Adverse reactions following the administration of local anesthetics often involved the central nervous system and the cardiovascular system

  • Dose-related - excessive dosage results in high blood level
  • Rapid absorption
  • Unintended intravascular injection, the incidence can be reduced by performing aspiration before each injection
  • Hypersensitivity to one of the ingredients
  • Patients have little tolerance 
  • Technique used by the dentists
  • Physical condition of the patients
  •  Injury to the nerve during the injection
  • Central Nervous System
    • Excitation 
    • Depression
    • Nervousness
    • Dizziness
    • Blurred or double vision
    • Tremors
    • Vomiting, 
    • Twitching
    • Drowsiness
    • Convulsions
    • Confusion
    • Unconsciousness
    • Respiratory depression
    • Cardiac arrest

  • Cardiovascular System:
    • Hypotension
    • Bradycardia
    • Cardiac arrest 
    • Sweating
    • Fainted feeling
    • Pulse changes
    • Cerebral hypoxia
    • Seizure.

  • Allergic reaction - characterized by anaphylactic reaction, urticaria, edema, cutaneous lesion

  • Paresthesia, a result of nerve injury
Drug interactions
Avoid administering local anesthetic (with or without epinephrine) to patients taking:
  • Monoamine oxidase inhibitors
  • Tricyclic anti-depressants
  • Phenothiazines
These types of drugs may cause severe and persistent hypertension or cerebrovascular accident.
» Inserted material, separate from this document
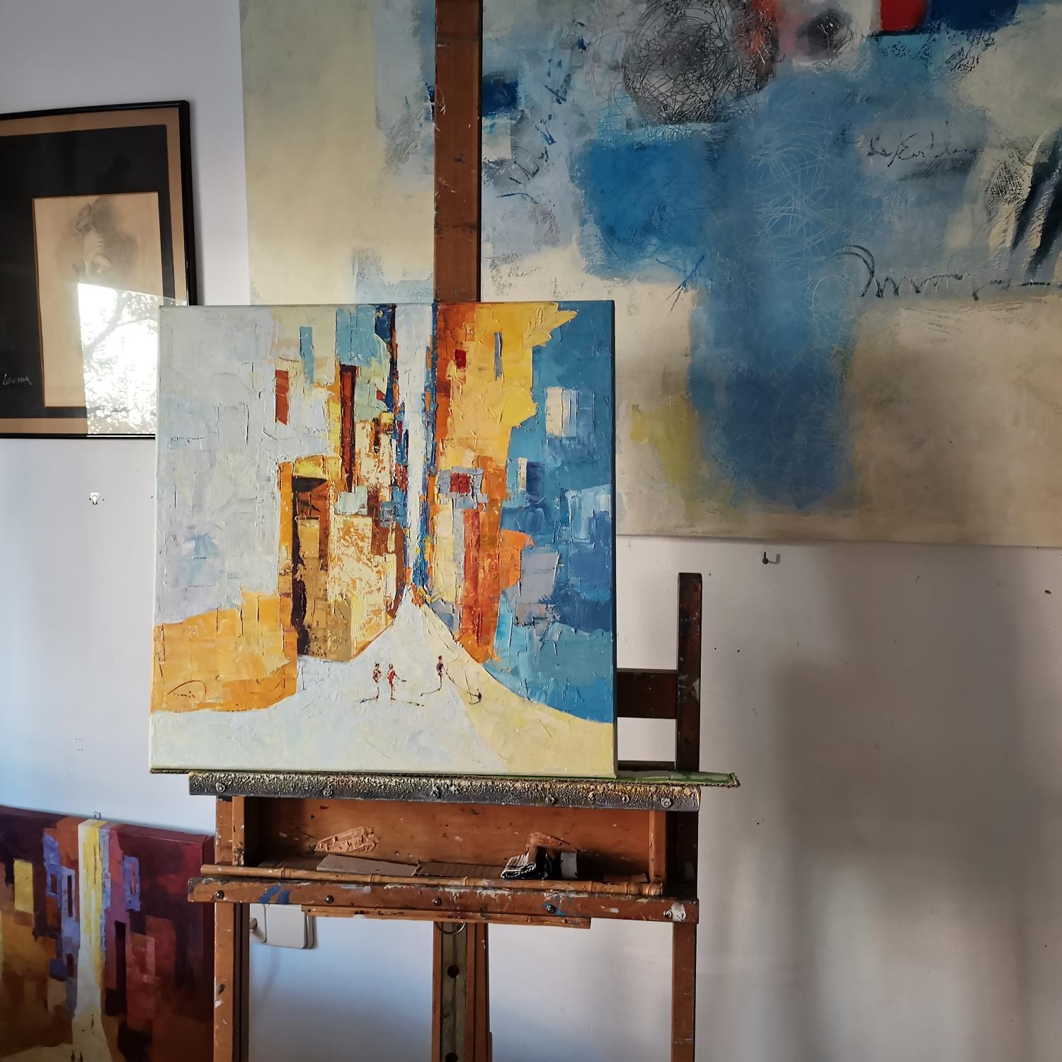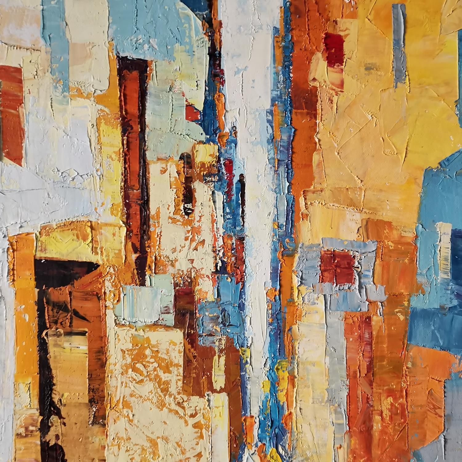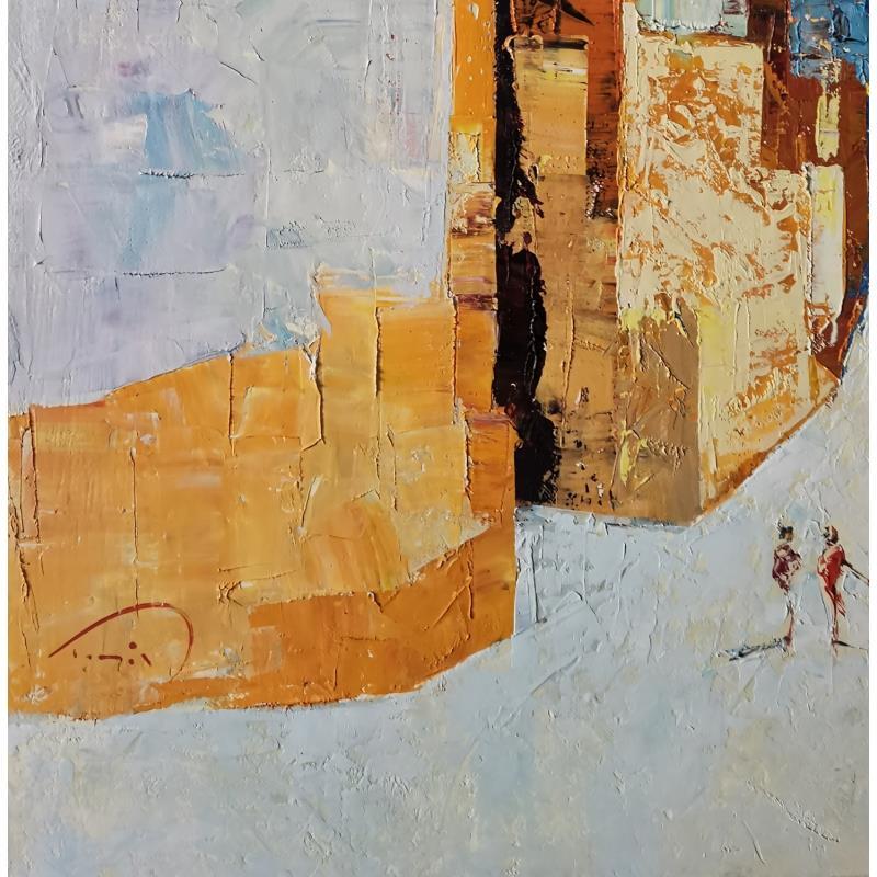 L'artiste a utilisé la technique Huile pour créer cette peinture grand format sur Toile de style Abstrait sur les thèmes Scènes de vie, Urbain.

Prevention is the best management of anesthetic emergencies:

Careful monitoring of respiratory and cardiovascular vital signs and the patient's state of consciousness following each injection.  At the first sign of change, administer oxygen. Endotracheal intubation may be necessary to maintain a patient airway.

Convulsion management consists of maintaining patient's airway, deliver oxygen by mask. 
The clinicians should be familiar with these anticonvulsant drugs before using local anesthetics. Supportive treatment of circulatory depression may require administration of intravenous fluids and, when appropriate, a vasopressor (e.g., Ephedrine).

Cardiovascular depression -  management consists of changing the patient's position in the recumbent position and ventilate with oxygen. The patient may be required an intravenous fluid and, when appropriate, a vasoactive drugs (e.g., Ephedrine or Methoxamine), administered intravenously.

Both convulsion and cardiovascular depression, if not treated immediately or correctly, can cause acidosis, hypoxia, bradycardia, arrhythmia, and cardiac arrest. If cardiac arrest occurs, initiates cardiopulmonary resuscitation.

If Methemoglobinemia occurs (the appearance of cyanosis 2-4 hours following anesthetic injection), administers Methylene blue to reverse the condition.